Mission d’audit sur le transfert des politiques de sécurité et de circulation routières au sein du ministère de l’Intérieur.

L’inspection générale de l’administration (IGA) mène une mission d’audit sur l’insertion de la délégation à la sécurité et à la circulation routières (DSCR) au sein du ministère de l’intérieur. Cet audit porte notamment sur les ressources humaines de l’administration centrale et déconcentrée en matière de sécurité et d’éducation routières.

La mission s’intéresse particulièrement :
– d’une part, à l’identification  des métiers et corps correspondant aux besoins de la politique de sécurité routière sur le territoire et à leur articulation avec les autres compétences des DDT ;
– d’autre part, aux modalités de gestion actuelles et futures des agents des DDT qui contribuent à la mise en oeuvre de ces politiques de sécurité routière dans le contexte de l’accord intervenu entre les secrétaires généraux des ministères de l’écologie et de l’intérieur, pour opérer un basculement budgétaire au profit du ministère de l’intérieur avec maintien d’une gestion par le MEDDE pour les agents qui en relèvent.

Vous trouverez ci-dessous l’intervention de la FEETS-FO en réponse à cette demande d’audition :

 

Les positions de FO pour ce qui concerne la gestion des ressources humaines au niveau départemental

De quoi parle-t-on…ou de l’intérêt des missions !
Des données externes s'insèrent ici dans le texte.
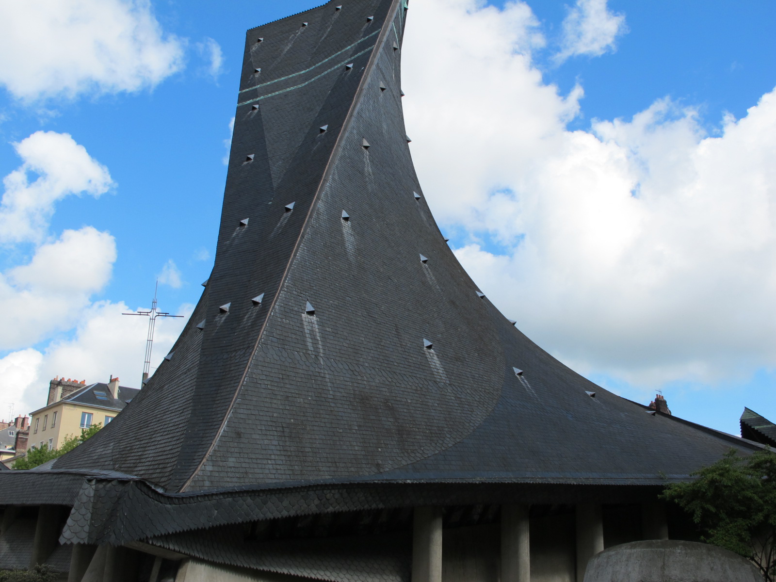 The St. Joan of Arc Church, built in 1979 (the building behind the cross) has a modern edge to it, symbolizing the flames that overtook Joan of Arc. It has a twisted style roof towards the center that is drawn into the sky….like a spaceship style structure. It was a surprise to see such a modern architecture surrounded by medieval buildings.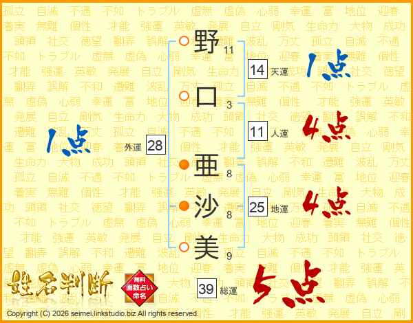 野(11画)口(3画) 亜(8画)沙(8画)美(9画)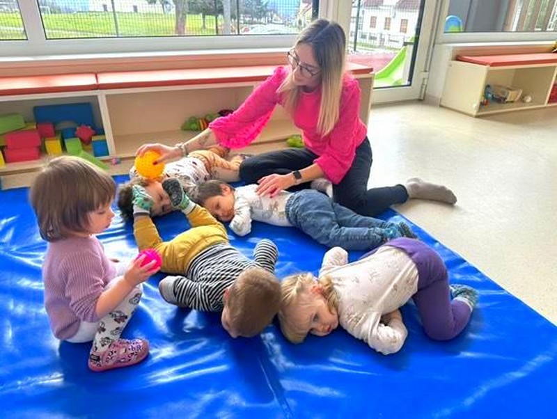 Najmlajši SONČKI in Ringarajčki neizmerno uživajo v vodeni vizualizaciji in masaži z žogicami. Nežni krožni gibi po celem telesu jim pomagajo pri boljšem spanju in zmanjševanju napetosti, ki je še malce prisotna ob ločevanju od staršev. Vzgojiteljici Sončkov pa se že sprašujeta ali si bo kdo od otrok izbral poklic maserja, saj velikokrat radi priskočijo na pomoč.![]()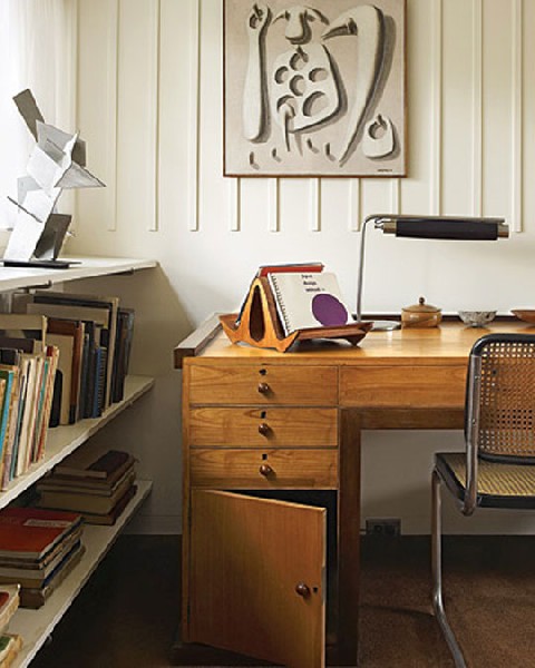 Also, there are two rather wonderful Bauhaus table lamps by Wilhelm Wagenfeld on each night table. In the dressing room, storage is built in behind doors making the use of any type of bureaus unnecessary. Artwork in the master bedroom includes an abstract piece by Gropius' good friend and colleague Josef Albers, and a drawing titled, "Underground Shelter with Figures" by Henry Moore, given to Gropius by the artist in 1941.
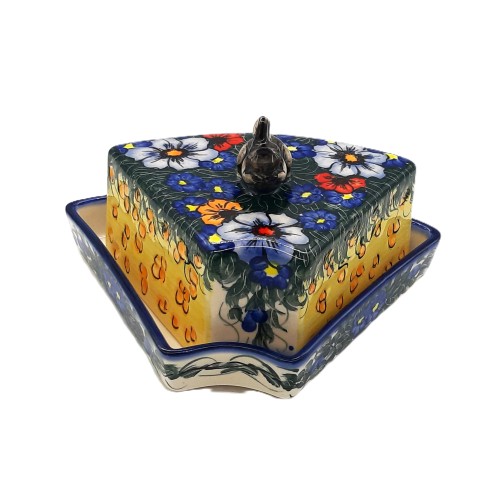 To jest ceramiczny pojemnik na ser z Bolesławca, wyprodukowany przez firmę Cer-Raf. Wymiary pojemnika to 21 x 16 x 6,5 cm, a jego wysokość wynosi 7,5 cm.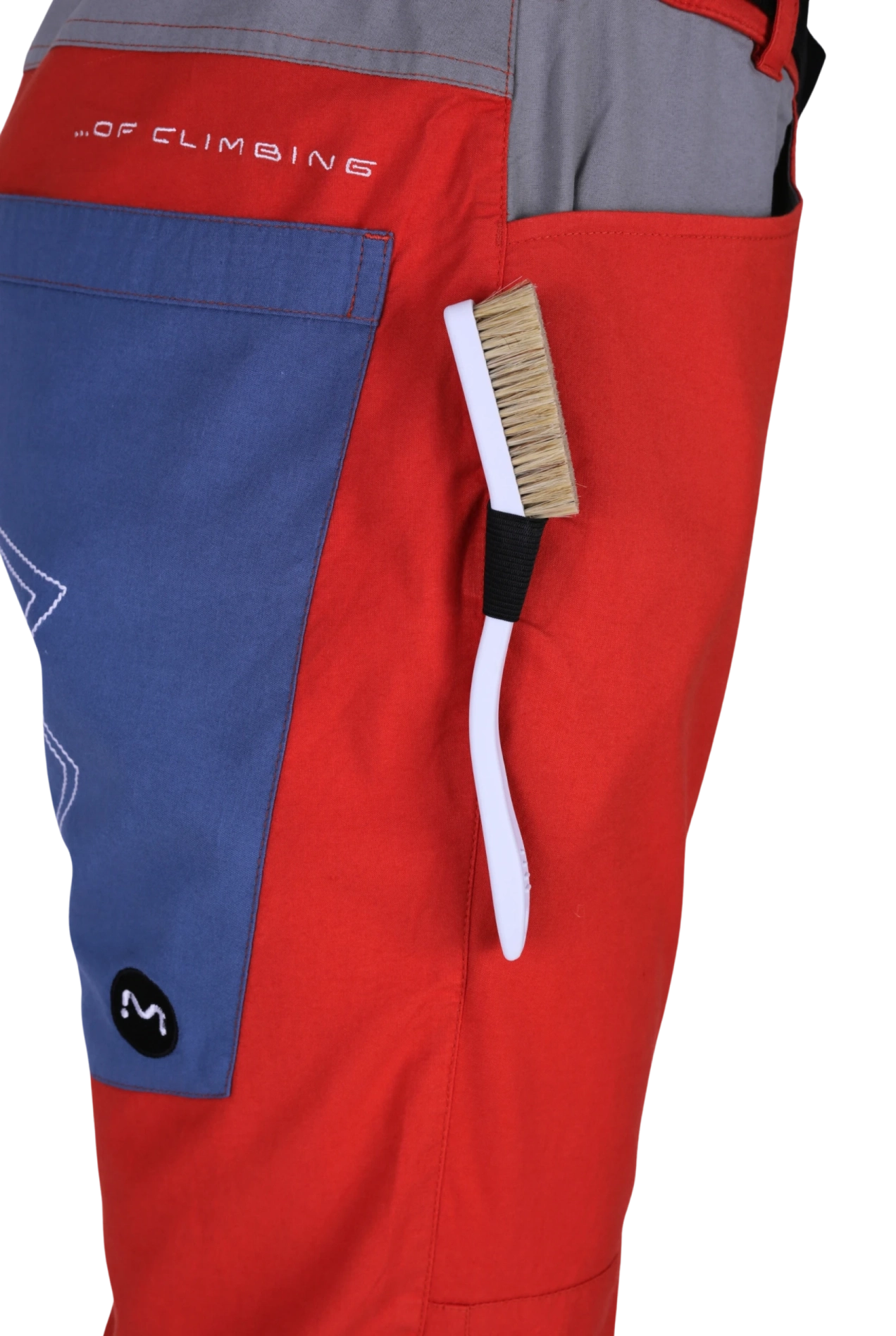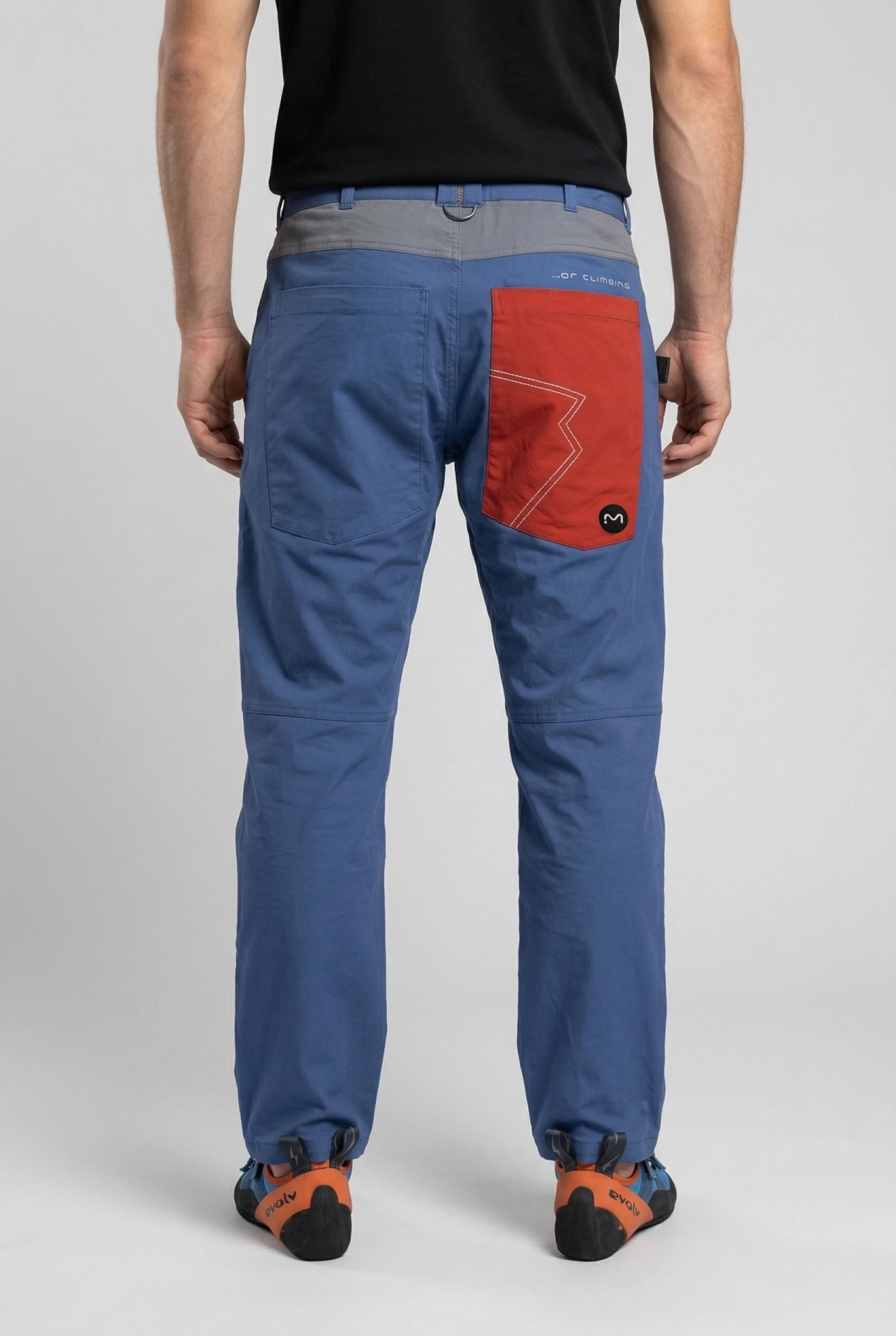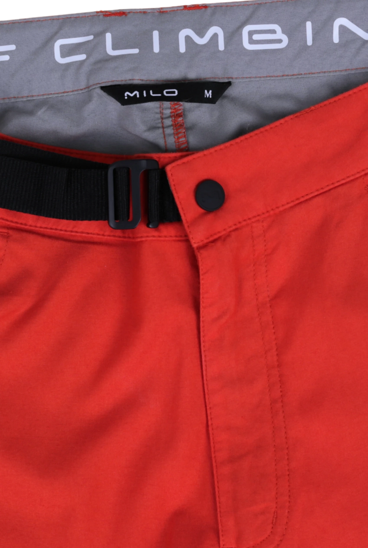 W pasie zastosowano wewnętrzny system regulacji z klamerką i haczykiem, który pozwala uzyskać płaski profil spodni pod uprzężą wspinaczkową. Dodatkowe szlufki umożliwiają opcjonalne użycie paska zewnętrznego.

En sus des missions d’éducation routière et en relation étroite avec la préfecture, les missions des DDT(M) en matière de sécurité routière sont nombreuses malgré un faible effectif dédié :

alimentation et fiabilisation de l’observatoire départemental de la sécurité routière, analyse et diffusion des données,
animation de la politique départementale de sécurité routière : élaboration du document général d’orientations, animation du Plan Départemental d’Actions de la Sécurité Routière (PDASR), coordination du réseau des intervenants départementaux de sécurité routière (IDSR),
mise en œuvre et du suivi du programme de contrôle sanction automatisé,
instruction des autorisations de transports exceptionnels et des demandes de dérogations aux interdictions de circuler des transports de marchandises,
suivi des itinéraires de transports exceptionnels,
appui au préfet sur la réglementation et la sécurité des infrastructures (avis et arrêtés de circulation sur le Réseau à Grande Circulation (RGC)),
coordination des gestionnaires de voirie,
préparation des arrêtés du Préfet sur le réseau de l’État et sur le réseau autoroutier.
Le rattachement actuel (budgétaire et de gestion) des agents portant ces missions au sein du MEDDE, et localement en DDT(M), permet de disposer d’équipes à dimension congrue (nous le dénonçons !) pour assurer l’ensemble des missions listées ci-dessus, en assurant notamment, par le biais de la répartition de chacune de ces tâches sur plusieurs agents et d’une association à d’autres missions connexes (gestion de crise, transports guidés), la continuité du service lors des absences, des pics d’activité ou des périodes de crise.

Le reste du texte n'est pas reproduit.